* **Exercise prompt**: Write again exactly the lines in the listing below, starting at the line with "Vintage 90s Joseph" and ending at the line with "- 6 закусочных", both included. Pictures are not copied.

* **Given data**:

^^^^^^^^^^^^^^^^

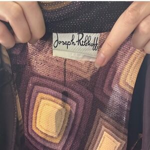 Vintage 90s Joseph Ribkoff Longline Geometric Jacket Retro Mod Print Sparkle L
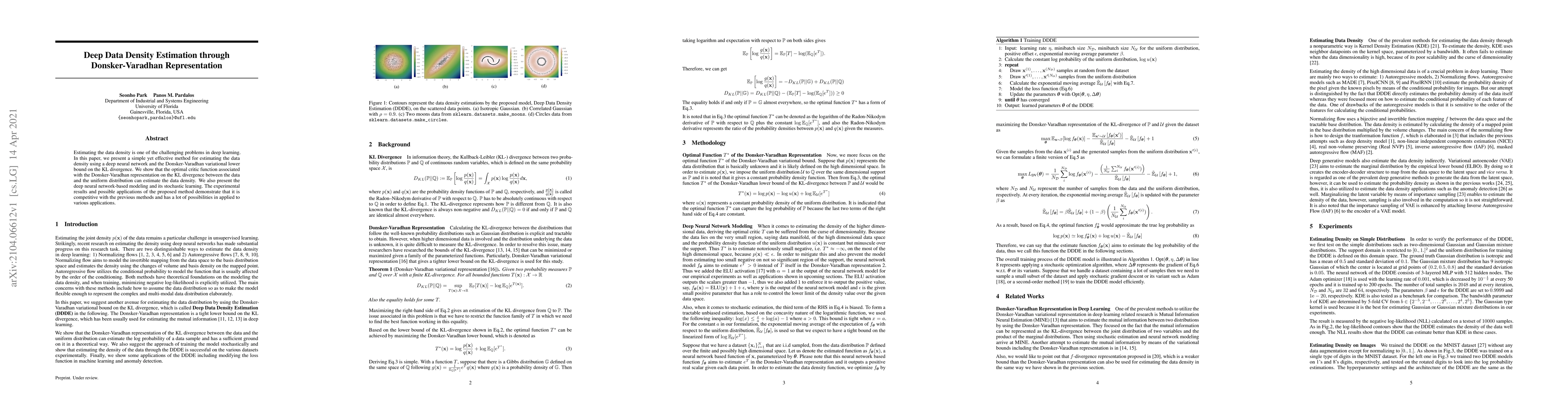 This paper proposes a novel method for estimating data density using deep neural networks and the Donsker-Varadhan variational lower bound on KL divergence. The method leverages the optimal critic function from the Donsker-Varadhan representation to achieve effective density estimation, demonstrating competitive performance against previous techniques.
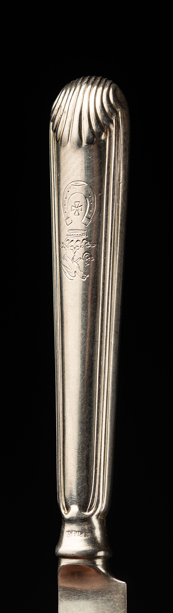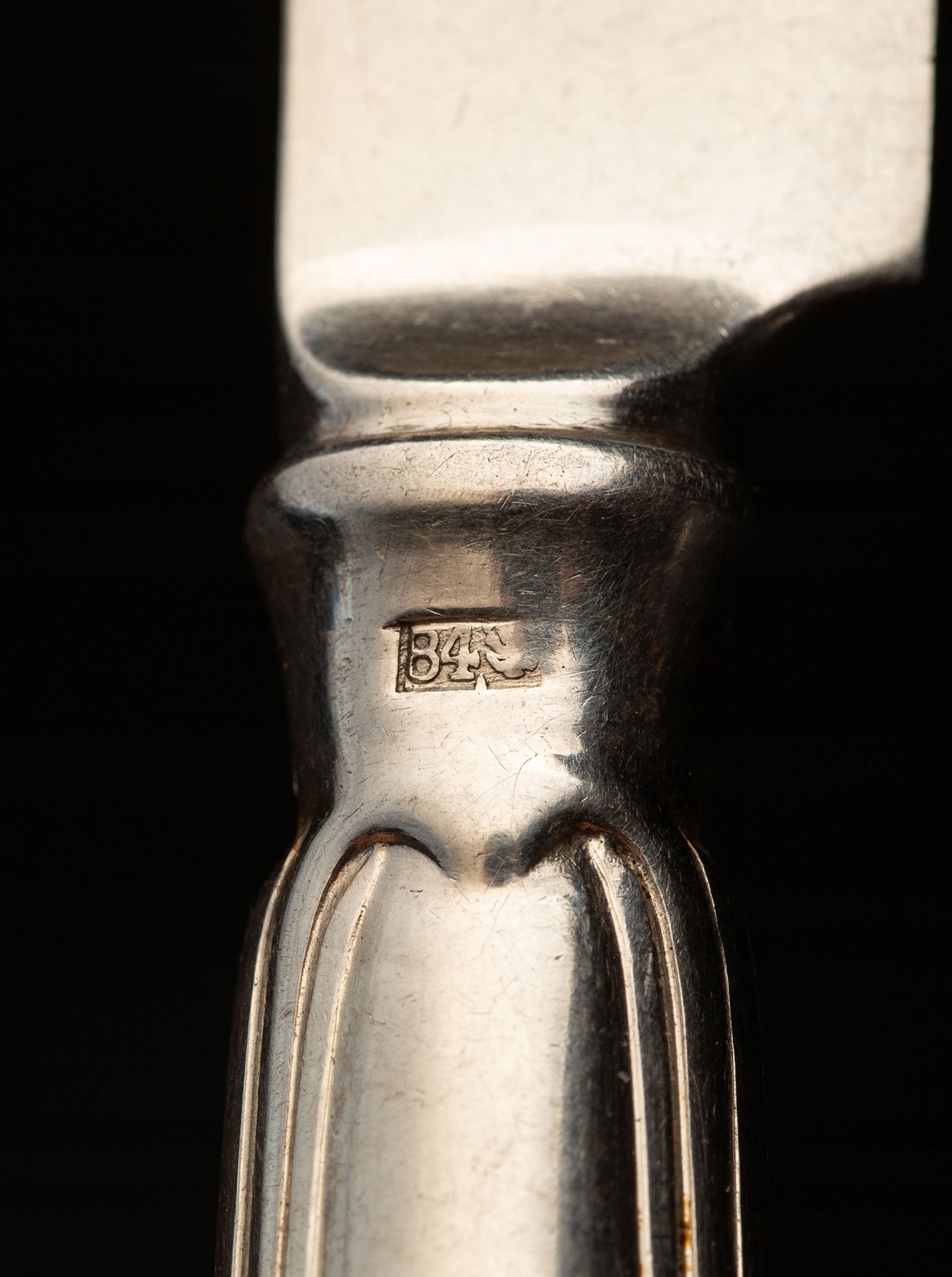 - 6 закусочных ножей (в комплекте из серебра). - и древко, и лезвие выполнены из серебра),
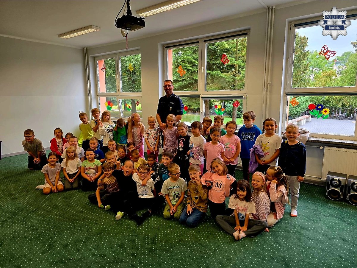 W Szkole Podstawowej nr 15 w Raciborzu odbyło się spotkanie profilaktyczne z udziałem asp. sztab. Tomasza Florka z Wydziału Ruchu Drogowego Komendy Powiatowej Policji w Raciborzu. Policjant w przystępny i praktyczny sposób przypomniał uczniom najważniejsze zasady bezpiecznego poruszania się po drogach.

^^^^^^^^^^^^^^^^

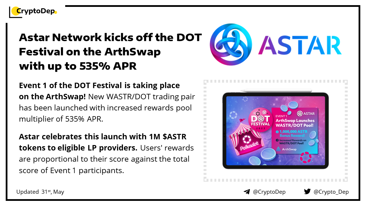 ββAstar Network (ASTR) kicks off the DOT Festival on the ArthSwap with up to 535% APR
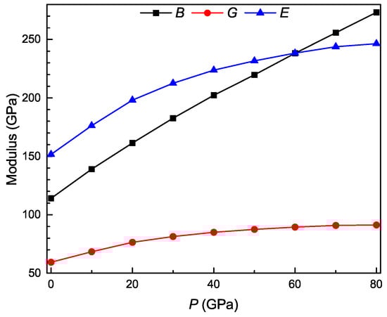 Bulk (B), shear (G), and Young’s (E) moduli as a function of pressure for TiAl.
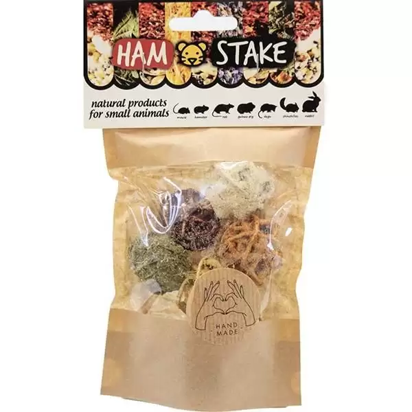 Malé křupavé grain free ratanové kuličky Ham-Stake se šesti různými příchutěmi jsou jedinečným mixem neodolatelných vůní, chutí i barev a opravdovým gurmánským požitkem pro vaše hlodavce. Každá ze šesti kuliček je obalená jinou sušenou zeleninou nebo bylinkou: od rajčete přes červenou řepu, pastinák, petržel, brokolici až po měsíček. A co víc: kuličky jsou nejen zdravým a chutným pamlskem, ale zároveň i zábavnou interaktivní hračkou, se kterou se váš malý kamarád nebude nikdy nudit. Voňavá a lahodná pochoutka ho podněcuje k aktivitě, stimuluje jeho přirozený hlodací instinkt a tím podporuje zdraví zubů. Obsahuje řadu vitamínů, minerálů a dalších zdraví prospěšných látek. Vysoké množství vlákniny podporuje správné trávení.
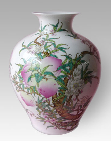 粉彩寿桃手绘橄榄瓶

^^^^^^^^^^^^^^^^

* **Exercise solution**:
 Vintage 90s Joseph Ribkoff Longline Geometric Jacket Retro Mod Print Sparkle L
 This paper proposes a novel method for estimating data density using deep neural networks and the Donsker-Varadhan variational lower bound on KL divergence. The method leverages the optimal critic function from the Donsker-Varadhan representation to achieve effective density estimation, demonstrating competitive performance against previous techniques.
 - 6 закусочных ножей (в комплекте из серебра). - и древко, и лезвие выполнены из серебра),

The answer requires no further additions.